Goldstar Air was a planned Ghanaian airline to be based at Kotoka International Airport in Accra. It planned to launch flights to both regional and long-haul destinations, but never commenced operations. As of 2021, the airline is no longer listed as having a valid Air Carrier License by Ghana Civil Aviation Authority.

The company has repeatedly been recognized as among the most notorious "fake airlines" of the world as it failed to commence operations despite numerous public statements and advertisements. In 2017, Ghana Civil Aviation Authority released a statement advising the public not to do business with Goldstar Air since the company lacked any operating permit.

Goldstar Air claimed to be a strategic partner of the Government of Liberia to establish Lone Star Air in 2020 as the national airline of Liberia, but that carrier also failed to commence operations.

History 
Goldstar Air was founded in 2014 as Goldstar Airlines. It planned to begin operations on 13 June 2014 with twice-weekly flights to Baltimore in the United States and London–Gatwick, followed by Guangzhou, China and Natal in Brazil. The airline planned to use McDonnell Douglas MD-11 and Boeing 747 aircraft. However, the launch date was postponed to late July 2014 before being indefinitely postponed, as the airline was still awaiting certification from the GCAA.

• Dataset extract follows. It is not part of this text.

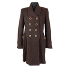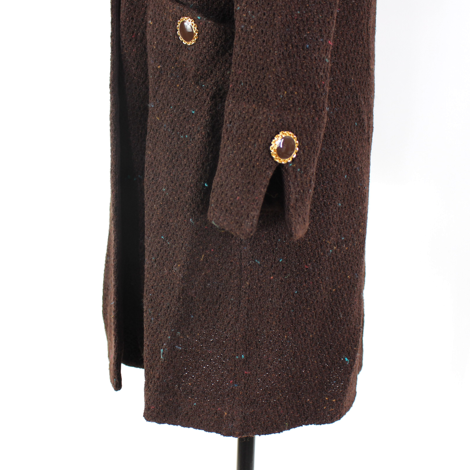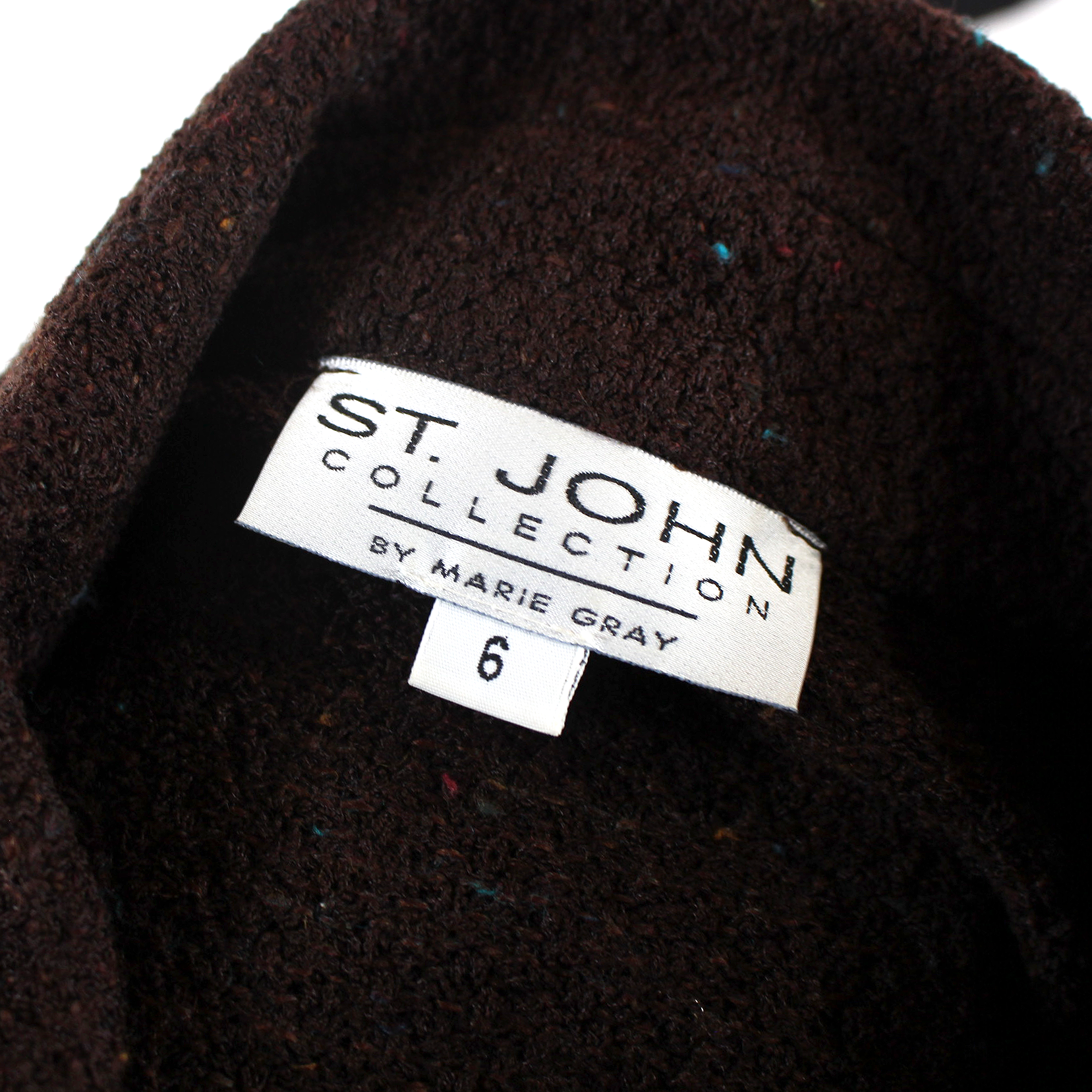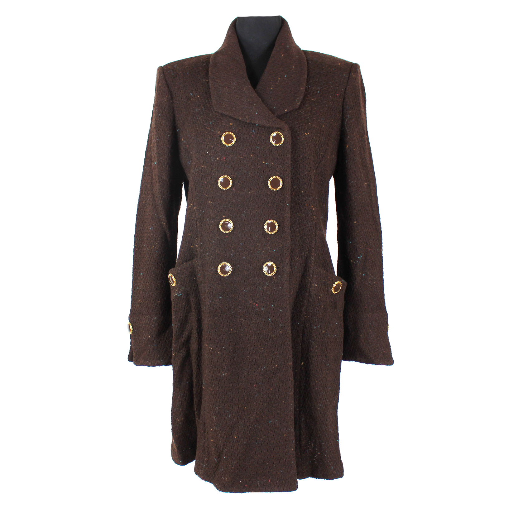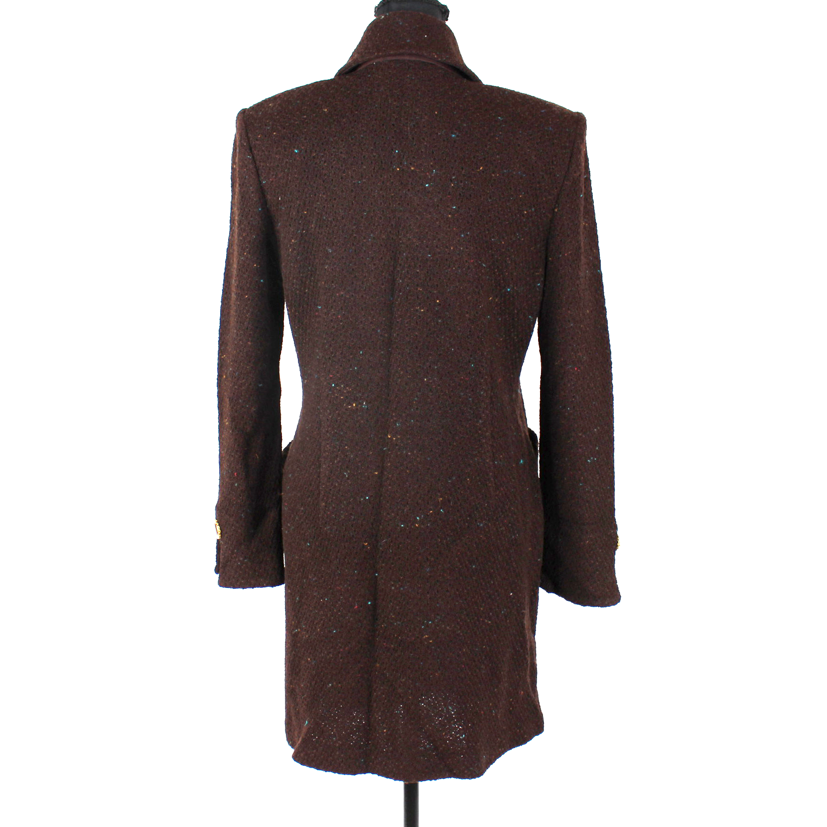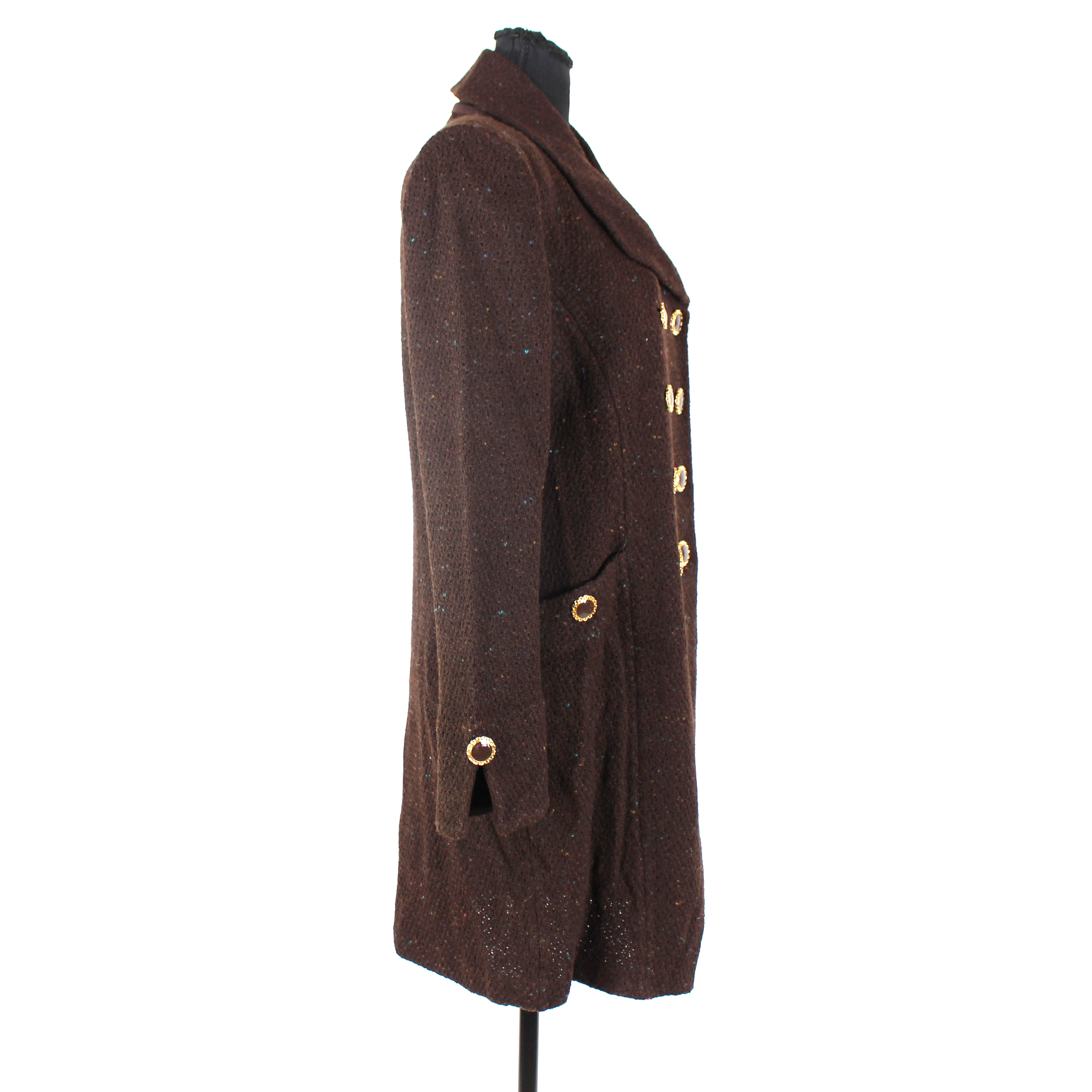 St. John Collection Brown Knit Speckle Tweed Double Breasted Pea Coat

Goldstar Air has experienced delays in receiving certification from the GCAA. In September 2014, it appealed to President John Dramani Mahama for help, as the GCAA had still not inspected the airline's aircraft and facilities in the United States. In July 2015, Goldstar Air threatened to stage a protest in Accra against the GCAA, after it allowed South African Airways to operate the same route Goldstar Air had applied for (Accra to Washington, D.C.). However, the protest was avoided when Minister for Transport Dzifa Ativor ordered the GCAA to inspect Goldstar Air's aircraft.

In January 2016, the airline announced it would begin a training programme for flight attendants. Goldstar Air will employ local Ghanaian flight attendants but will initially employ expatriates for the cockpit crew. In June 2016, Goldstar Air said it was working on obtaining its Air Carrier Licence, after which it would receive its air operator's certificate and commence operations by the third quarter of the year. The airline has secured incentives from Baltimore Airport authorities in preparation for Goldstar Air's planned flights to the airport. Goldstar Air later revealed that it would use the Diamond Hangar FBO at London Stansted Airport as a maintenance facility and employee training school.

In August 2016, Goldstar Air announced that it had purchased three aircraft, which needed to be inspected by the GCAA. The following September, the GCAA released a notice advising customers not to do business with the airline, stating that Goldstar had begun to advertise its services despite lacking an operating permit.

In October 2020, Goldstar Air signed a strategic partnership agreement with the Government of Liberia to revive the national carrier under the "Lone Star Air" brand.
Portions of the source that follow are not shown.